The CDSs within the Liftoff and miniprot annotations are grouped in the 5′ to 3′ direction. The CDS groups are represented as GLi and GMi, respectively, for LiftOff and miniprot, where i denotes the ith group in that annotation (Fig. 1D).

The grouping process begins with the first CDS in each annotation and continues until reaching the endpoints of the downstream CDS in Liftoff and miniprot, where the number of aligned amino acids from the reference protein is equal. This forms the first CDS group in Liftoff, denoted as GL1, and the first CDS group in miniprot, denoted as GM1. Subsequent groups start from the previous endpoint in both Liftoff and miniprot, extending until the number of aligned amino acids from the reference protein matches for both annotations again. These subsequent groups are represented as GL2 and GM2, respectively. The grouping process concludes upon reaching the last CDS in both annotations (for more details, see Algorithm S3).

Within each group, GLi or GMi, we calculate the partial protein sequence identity and select the group with higher protein sequence identity score (Fig. 1D; Algorithm S4). In case of a tie, LiftOn prioritizes the Liftoff annotation, GLi, so that it will include UTRs in its output. The selected group of CDSs is represented by GSELi. All CDSs in GSELi are then concatenated to form the final LiftOn transcript, as shown in Figure 1E. This transcript is an ordered sequence of CDSs sourced from either Liftoff or miniprot, with the goal of maximizing protein similarity to the reference protein. This approach is particularly effective in addressing issues such as in-frame indels or mis-splicing that may arise from misalignments, as illustrated in Figure 1A.

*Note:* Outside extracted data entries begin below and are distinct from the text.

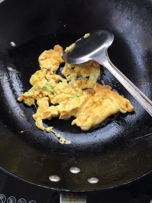 锅放少许油,等热后,放鸡蛋入锅,摊匀,翻炒几下,出锅。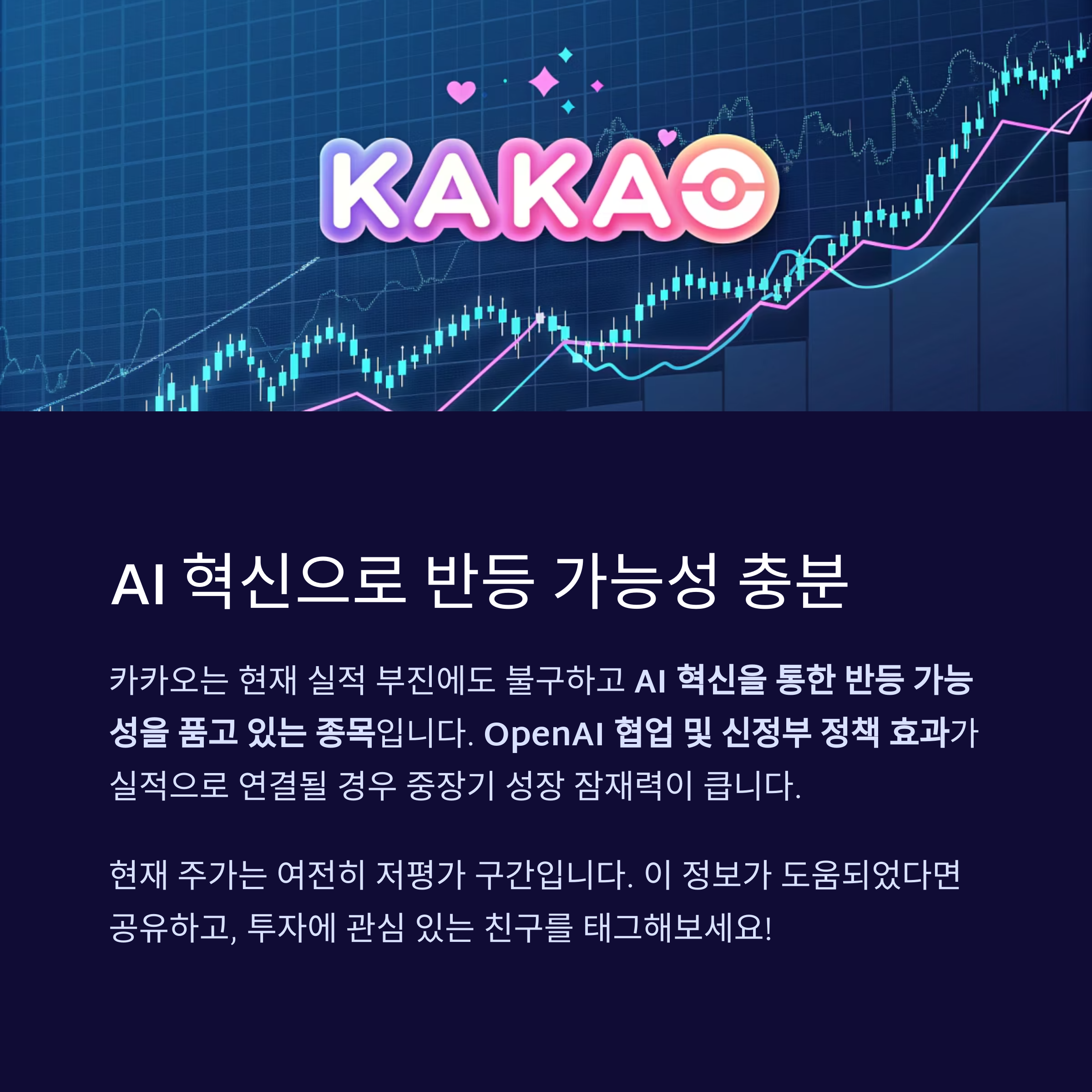 카카오는 현재 실적 부진에도 불구하고 AI 혁신을 통한 반등 가능성을 품고 있는 종목입니다.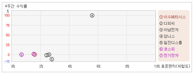 3일 오후 12시50분 현재 전일대비 1.89% 오른 4,305원을 기록하고 있는 이수페타시스는 지난 1개월간 0.46% 하락했다. 같은 기간동안 변동성의 크기를 말해주는 표준편차는 1.6%를 기록했다. 이는 전기전자 업종내에서 주요종목들과 비교해볼 때 이수페타시스의 월간 주가등락률이 마이너스에 머물고 있지만 변동성은 가장 낮은 수준을 유지했다는 뜻이다. 최근 1개월을 기준으로 이수페타시스의 위험을 고려한 수익률은 -0.2를 기록했는데, 주가는 하락했지만 변동성이 낮아서 위험대비 수익률은 주요종목군 내에서 적정수준을 유지했다. 다만 전기전자업종의 위험대비수익률 1.2보다는 낮았기 때문에 업종대비 성과는 긍정적으로 보기 어렵다. 다음으로 업종과 시장을 비교해보면 이수페타시스가 속해 있는 전기전자업종은 코스피지수보다 변동성과 수익률이 모두 높은 모습이다. 다시 말하면 동업종에 탄력이 붙으면서 지수대비 초과상승했다는 의미이다.

After applying the chaining algorithm, LiftOn attempts to make further improvements in the CDS regions, as illustrated in Figure 1, F–K. It searches the translations of protein-coding transcripts and adjusts CDS boundaries to avoid early stop codons (Fig. 1F,G), choose better translation start sites (Fig. 1H,J,K), or extend proteins with stop codon loss (Fig. 1I). Supplemental Figure S2 provides additional Integrative Genomics Viewer (IGV) (Robinson et al. 2011; Thorvaldsdóttir et al. 2013) screenshots that illustrate LiftOn's results for each scenario. After making these adjustments, LiftOn evaluates the differences between the reference and target transcripts and, similarly to LiftoffTools (Shumate and Salzberg 2022), produces a mutation report. Transcripts are deemed “identical” when their target and reference gene DNA sequences are entirely the same. For nonidentical sequences, LiftOn categorizes their differences using these categories: synonymous, nonsynonymous, in-frame insertion, in-frame deletion, frameshift, stop codon gain, stop codon loss, and start codon loss.

Lifton improves human annotation lift-over

For our first experiment, we used human annotation from RefSeq release 220 (GCF_000001405.40-RS_2023_03) (Pruitt et al. 2007) as the reference annotation to map annotations from the GRCh38 onto the T2T-CHM13 (Supplemental Fig. S3). In total, the reference annotation contained 37,986 protein-coding and noncoding genes and 160,561 transcripts, of which 130,528 were protein-coding (for all mapped genes, see Supplemental Table S1; for our gene counting approach, see Methods). We focused our analysis on the protein-coding transcripts because those are the ones for which LiftOn can produce improvements over DNA-based methods. At the gene level, LiftOn successfully lifted over 37,828 genes, whereas 158 genes remained unmapped, of which 103 were protein-coding (Supplemental Table S2). The overall gene mapping rate was 99.6%. All 158 genes mapped to the locations of other genes on the target genome, likely owing to copy number variation. Out of the successfully mapped genes, 37,453 (19,738 protein-coding and 17,715 noncoding) were mapped as single copies, and 375 genes (86 protein-coding and 289 noncoding) were mapped with extra copies. In total, 38,886 gene loci were mapped onto T2T-CHM13 (Table 1).

Table 1.

Statistics for LiftOn at both the gene and transcript levels, as a result of mapping RefSeq release 220 annotation from the GRCh38 human genome to T2T-CHM13

Total feature countProtein-coding feature countNoncoding feature count
Single copyExtra copyExtra copy countTotalSingle copyExtra copyExtra copy countTotal
Gene
 Reference (GRCh38)37,98619,92718,059
 Target (CHM13)38,91619,7388632020,14417,71528976818,772
Transcript
 Reference (GRCh38)160,561130,52830,033
Target (CHM13)161,701129,967239573130,77929,488410102430,922

[i] Extra copy refers to the number of genes with extra copies; extra copy count refers to the total number of additional copies for those extra copy genes.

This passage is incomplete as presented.